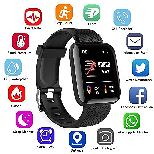 TechKing - ساعة ذكية بشاشة تعمل باللمس من تيك كينج بلوتوث بمستشعر معدل نبضات القلب وقياس الوظائف الأساسية للجسم لجميع الأولاد والبنات موديل DZ-116 متعدد الألوان
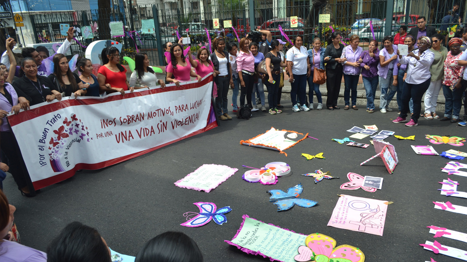Unas 200 mujeres vinculadas a varios programas del Ministerio de Inclusión Económica y Social (MIES) y a organizaciones sociales de Guayaquil, se tomaron una de las calles aledañas al parque de La Madre, ubicado en el centro de la ciudad, para conmemorar este 25 de noviembre el Día Internacional de la Eliminación de la Violencia contra la Mujer.
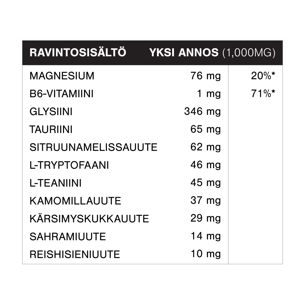 Sleep Blend kannattaa ottaa n. 1-2h ennen nukkumaan menoa, jolloin se alkaa rentouttamaan mieltä ja kehoa, ja valmistamaan sinua tulevaan yöhön. Suosittelemme luomaan rutiinin, jossa Sleep Blendin jälkeen ei käytetä enää puhelinta, TV:tä tai lueta uutisia yms. Stimuloivaa. Näin mielesi saa tilaa rauhoittua ja näytöistä tuleva sininen valo ei pääse estämään sisäistä melatoniinin tuotantoa.
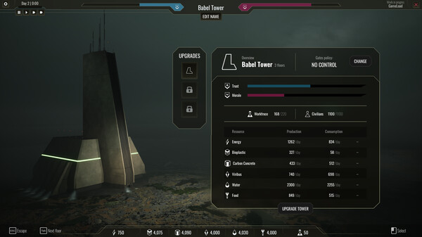 The game has In TerraStorm's alternative timeline, the War has ended over 70 years ago with the discovery of Viribus. The mysterious resource, uncovered by the Nazis, was used to wipe the planet of most of the humankind. Nowadays, however, it's being used as a perfect power source for those who miraculously survived, and congregated in the Capitol. ROSE Corp., responsible for the Capitol's wellbeing, decided to found Project Towers as a solution for growing numbers of refugees, storming the city's gates. Your role, as one of the project's Architects, is to find a suitable place and start new settlements - self-sufficient towers - to become the humankind's new bastions.
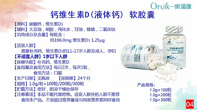 | 補充說明 | 原料】碳酸鈣,維生素D3 【輔料】大豆油,明膠,純化水,甘油,蜂蠟,二氧化鈦 【功效成分及含量】每粒含: 鈣196.0mg 維生素D3 1.25μg 【適宜人群】 需要補充鈣、維生素D3的11-17歲人群及成人、孕婦 【不適宜人群】1歲以下人群 【保健功能】補充鈣、維生素D 【食用量及食用方法】每日2次,每次1粒, 食用方法:口服 【生產(chǎn)日期】見瓶體 【保質(zhì)期】24個月 【規(guī)格】1.0g/!100粒/200粒/300粒 【貯藏方法】密封,陰涼干燥處保存 【注意事項】本品不能代替藥物。適宜人群外的人群不推薦 食用本產(chǎn)品。不宜超過推薦量或與同類營養(yǎng)素同時食用 |
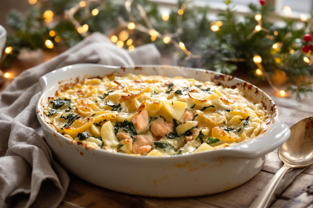 Ce gratin de saumon, épinards et pommes de terre est devenu un incontournable dans de nombreuses familles. S’il est parfait pour un repas de fêtes, il fonctionne aussi très bien en plein hiver, pour réchauffer les soirées.

-- GOAL OF THE EXERCISE --
Write out every entry again word for word, without any of the pictures.

-- ANSWER AREA --
 TechKing - ساعة ذكية بشاشة تعمل باللمس من تيك كينج بلوتوث بمستشعر معدل نبضات القلب وقياس الوظائف الأساسية للجسم لجميع الأولاد والبنات موديل DZ-116 متعدد الألوان
Unas 200 mujeres vinculadas a varios programas del Ministerio de Inclusión Económica y Social (MIES) y a organizaciones sociales de Guayaquil, se tomaron una de las calles aledañas al parque de La Madre, ubicado en el centro de la ciudad, para conmemorar este 25 de noviembre el Día Internacional de la Eliminación de la Violencia contra la Mujer.
 Sleep Blend kannattaa ottaa n. 1-2h ennen nukkumaan menoa, jolloin se alkaa rentouttamaan mieltä ja kehoa, ja valmistamaan sinua tulevaan yöhön. Suosittelemme luomaan rutiinin, jossa Sleep Blendin jälkeen ei käytetä enää puhelinta, TV:tä tai lueta uutisia yms. Stimuloivaa. Näin mielesi saa tilaa rauhoittua ja näytöistä tuleva sininen valo ei pääse estämään sisäistä melatoniinin tuotantoa.
 The game has In TerraStorm's alternative timeline, the War has ended over 70 years ago with the discovery of Viribus. The mysterious resource, uncovered by the Nazis, was used to wipe the planet of most of the humankind. Nowadays, however, it's being used as a perfect power source for those who miraculously survived, and congregated in the Capitol. ROSE Corp., responsible for the Capitol's wellbeing, decided to found Project Towers as a solution for growing numbers of refugees, storming the city's gates. Your role, as one of the project's Architects, is to find a suitable place and start new settlements - self-sufficient towers - to become the humankind's new bastions.
 | 補充說明 | 原料】碳酸鈣,維生素D3 【輔料】大豆油,明膠,純化水,甘油,蜂蠟,二氧化鈦 【功效成分及含量】每粒含: 鈣196.0mg 維生素D3 1.25μg 【適宜人群】 需要補充鈣、維生素D3的11-17歲人群及成人、孕婦 【不適宜人群】1歲以下人群 【保健功能】補充鈣、維生素D 【食用量及食用方法】每日2次,每次1粒, 食用方法:口服 【生產(chǎn)日期】見瓶體 【保質(zhì)期】24個月 【規(guī)格】1.0g/!100粒/200粒/300粒 【貯藏方法】密封,陰涼干燥處保存 【注意事項】本品不能代替藥物。適宜人群外的人群不推薦 食用本產(chǎn)品。不宜超過推薦量或與同類營養(yǎng)素同時食用 |
 Ce gratin de saumon, épinards et pommes de terre est devenu un incontournable dans de nombreuses familles. S’il est parfait pour un repas de fêtes, il fonctionne aussi très bien en plein hiver, pour réchauffer les soirées.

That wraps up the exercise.